Indeed, the value of innovation is priceless, but on the other hand the cost of uncertainty that shadows the currently available long-term efficacy and cost-effectiveness results of AF ablation could be enormous. Being in agreement with Dr Mark Estes, 43 we would also like to underline the fact that clinical electrophysiology has earned its credentials by driving through careful, evidence-based steps during the last decades. Many electrophysiologists who are afraid that enthusiasm should have been tempered by reality, especially in the case of persistent AF, would argue that a critical appraisal of AF ablation’s cost-effectiveness should have to challenge effectiveness before addressing the cost issue.

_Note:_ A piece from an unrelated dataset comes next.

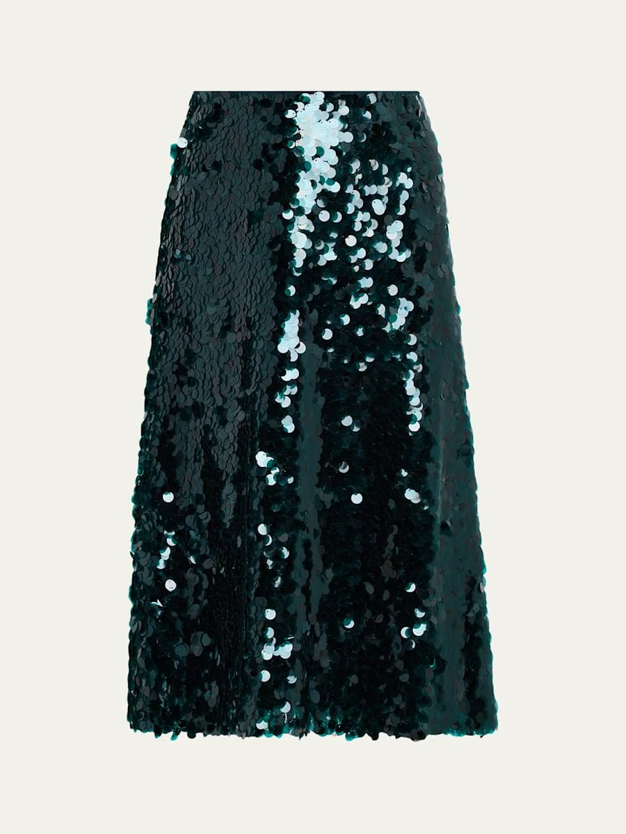 Vince "Lucite" sequin midi skirt Highrise sits high on the hips Hem hits around the knee Skirt falls straight from hip to hem Zip closure Polyester Imported

In conclusion, catheter ablation of AF is a constantly evolving therapy that targets a heterogeneous patient population. The continuously improving ablative techniques, complemented by advanced mapping modalities, have enabled the achievement of reproducible efficacy, at least in certain patient subgroups. There is early evidence that ablation may be a cost-effective treatment option compared with medical therapy. However, several pieces are still missing from the cost-effectiveness puzzle. The completion of properly designed prospective, randomized trials or (medical, economic, quality of life) outcome observational studies which would quantify the long-term effects of this therapy will delineate in which patients catheter ablation can exert tangible beneficial effects at an acceptable cost and will provide valuable evidence to optimize the organization of modern laboratories and maximize efficiency in health-care provision.
Conflict of interest: none declared.
Funding
S.T. is supported by a training fellowship provided by the European Heart Rhythm Association. This work was undertaken and supported by the Hellenic Cardiovascular Research Society.